Гайя ждет ее на кухне, она в фартуке, на губах улыбка:
— Хорошо спали?
Да, она хорошо спала, хотя проснулась в изменившемся мире.
Гайя наливает Рене кофе и объясняет, где какое варенье.
— Все домашнее, — говорит она, — даже хлеб.
«Блеск! — думает Рена. — Эта женщина возвела домашнее хозяйство в ранг искусства. Я никогда не видела ничего подобного, она окружает заботой весь мир, сажает, сеет, собирает урожай, готовит, работает в саду, собирает букеты, варит варенье и радуется, что может обеспечить постояльцам la dolce vita. Ей теперь столько же лет, сколько Ингрид.
И Лиза, не уйди она в тридцать семь, была бы их ровесницей.
Странно оказаться старше собственной матери. Ты понимаешь, мама, что превратилась в мою младшую сестру?»
— У вас есть дети? — спрашиваю я Гайю.
— Дочь. Она живет в Милане… Зато у меня трое внуков! — Женщина снимает с холодильника рамки с фотографиями и показывает Рене. — А у вас?
— Два сына. Уже взрослые.
А вот фотографий нет. Она фотограф, но не держит при себе банальных снимков Туссена и Тьерно. А почему, собственно?
Ты отказываешься от простого женского счастья… — жеманным тоном, передразнивая Ингрид, говорит Субра.
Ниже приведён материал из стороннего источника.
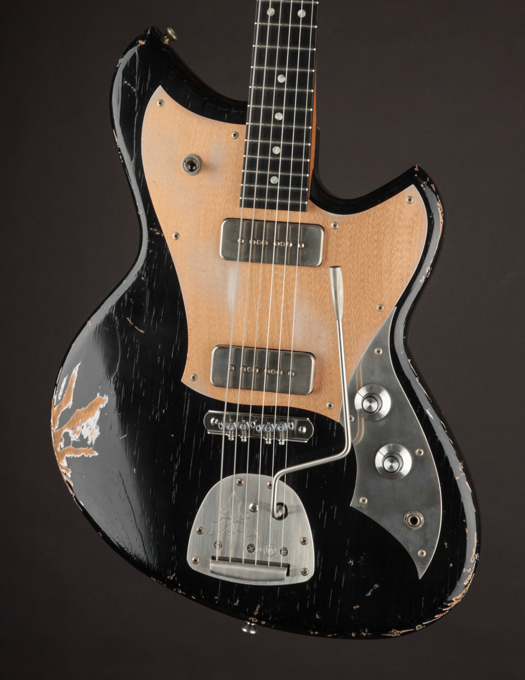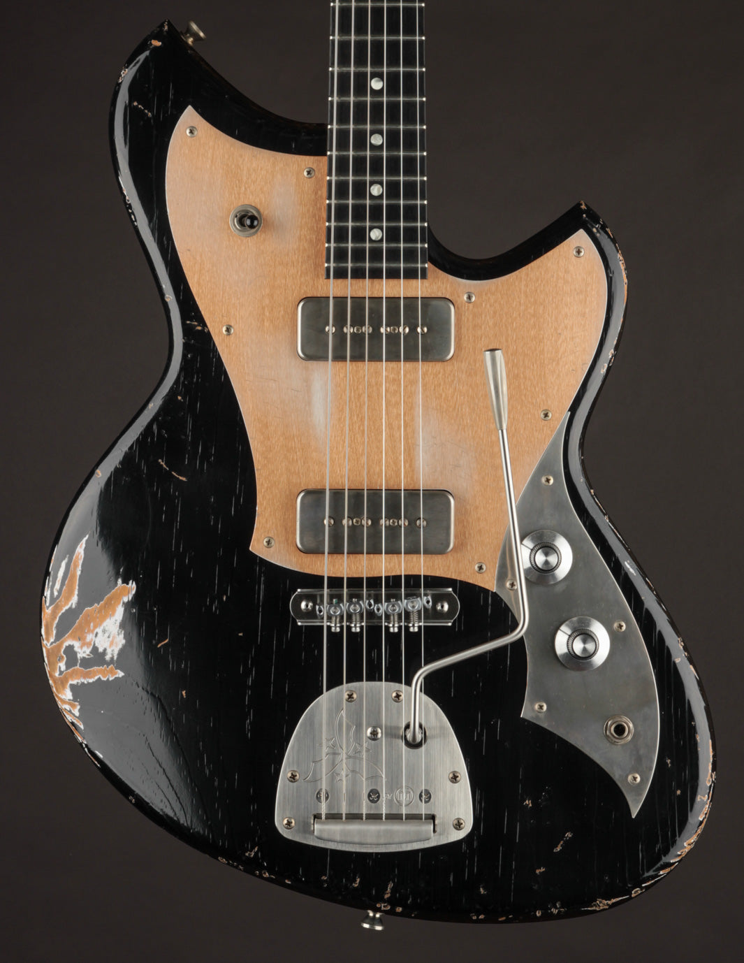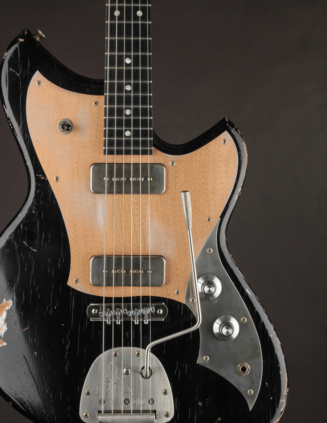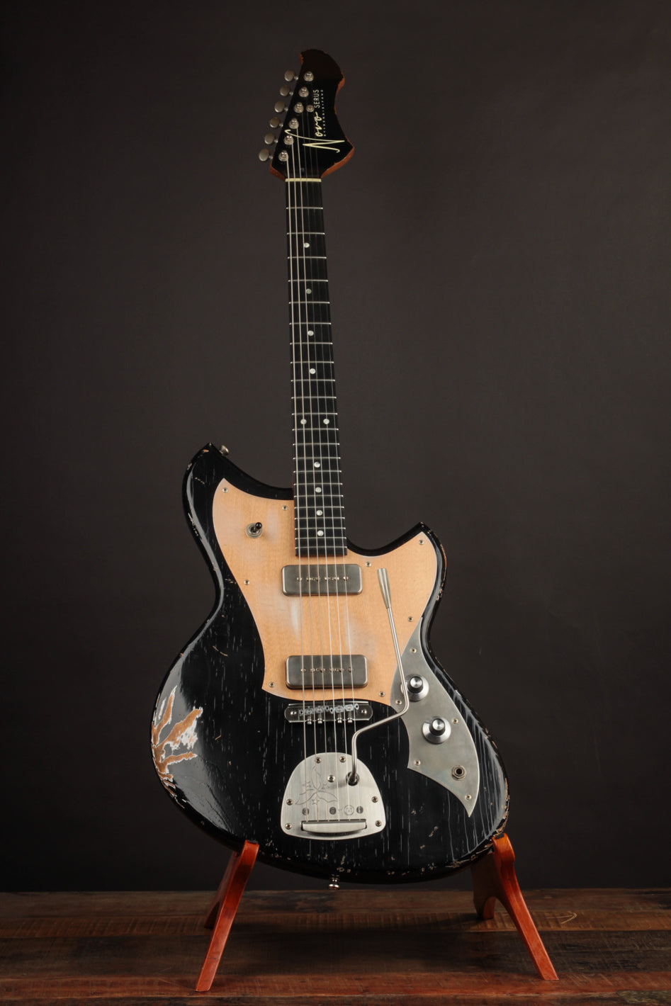 Take this Serus J in Aged Bull Black as an example. With its matching headstock, dark rosewood fingerboard, Mastery trem w/lightening bolt arm, and aged grained aluminum pickguard, it’s a showstopper before you even pick your first note. But make no mistake—this guitar isn’t just about cool looks.

«Я хотела бы показать Гайе мальчиков, какими они были прошлым летом (сейчас уже изменились), рассказать, что Туссен, мой старший, работает учителем с особыми детьми, у него роман с Жасмин, она его коллега — веселая, живая — и скоро подарит ему ребенка…»
Ничего этого Рена не говорит — слушает хозяйку гостиницы, кивает и угощается вареньями.
Гайя включает радио и начинает мыть посуду под кантату Баха. Когда последние звуки музыки затихают, раздается мужской голос — низкий, монотонный, навязчивый.
Рена ежится.
— Может, найдете другую станцию?
— Ма perché?[170]
— Я… и священники…
Гайя непонимающе хмурит брови, и Рена вовремя прикусывает язык. Ох уж эти мужские голоса! В любое время дня и ночи, с балконов, кафедр, аналоев и минаретов всего мира они имеют право обращаться к нам с речами, надоедать поучениями, упрекать… Но хотя бы не на наших собственных кухнях! Заменим их Бахом!
Гайя благоразумно выключает радио, идет в гостиную и ставит диск с «Бранденбургскими концертами», снимает фартук, надевает красивую шляпку и говорит по-итальянски:
— К десяти часам я иду на мессу в деревню. Вернусь к полудню, вы еще будете здесь?
— О нет! Конечно нет. Spero que по![171]
Гайя выдает Рене связку ключей: эти — от ворот, эти два — от дома, ослепительно улыбается и уходит.
«Слава богу, мой антиклерикализм не сделал ее менее любезной.
Бах…»
Субра делает «ироническое лицо», и Рена начинает оправдываться.
«Ладно, ты права, не я бросила Алиуна — он ушел, хлопнув дверью.
Я сделала глупость — в кои веки согласилась встретиться с одним из любовников в Париже. Ясу был фотографом, мы познакомились в Токио, на выставке, устроенной на самом верху башни Мори[172]. “Да он мой близнец!” — подумала я, увидев этого мужчину. Молодой, хрупкий андрогин, черноглазый, черноволосый, одетый во все черное, он фотографировал с абсолютной сосредоточенностью. Сначала я приняла его за женщину — мне хотелось, чтобы это оказалась женщина, настолько сосредоточенная на своей работе, чтобы не замечать моего присутствия. Поняв, что это мужчина, я возжелала быть им или — в крайнем случае — раствориться в нем. Через час мечта сбылась, и я узнала, как нежны и деликатны его руки с длинными тонкими пальцами, как прекрасна его гладкая золотистая кожа и немыслимо изящно тело, но поняла и другое: Ясу — маленький принц и… совершенно ненормальный извращенец. Кроме себя, Ясу любил только свою молодую породистую собаку по кличке Изольда. Женщин он обнимал очень крепко — чтобы грубее оттолкнуть, укладывая в свою постель, “пользовал” — и обливал холодным презрением. Работы Ясу напоминали его самого. Он делал жесткие, прекрасные и пугающие снимки городских пейзажей целиком из острых углов, в них сопрягались слепящий свет и глубокий мрак. А еще эпатировал публику сверхрафинированной порнографией.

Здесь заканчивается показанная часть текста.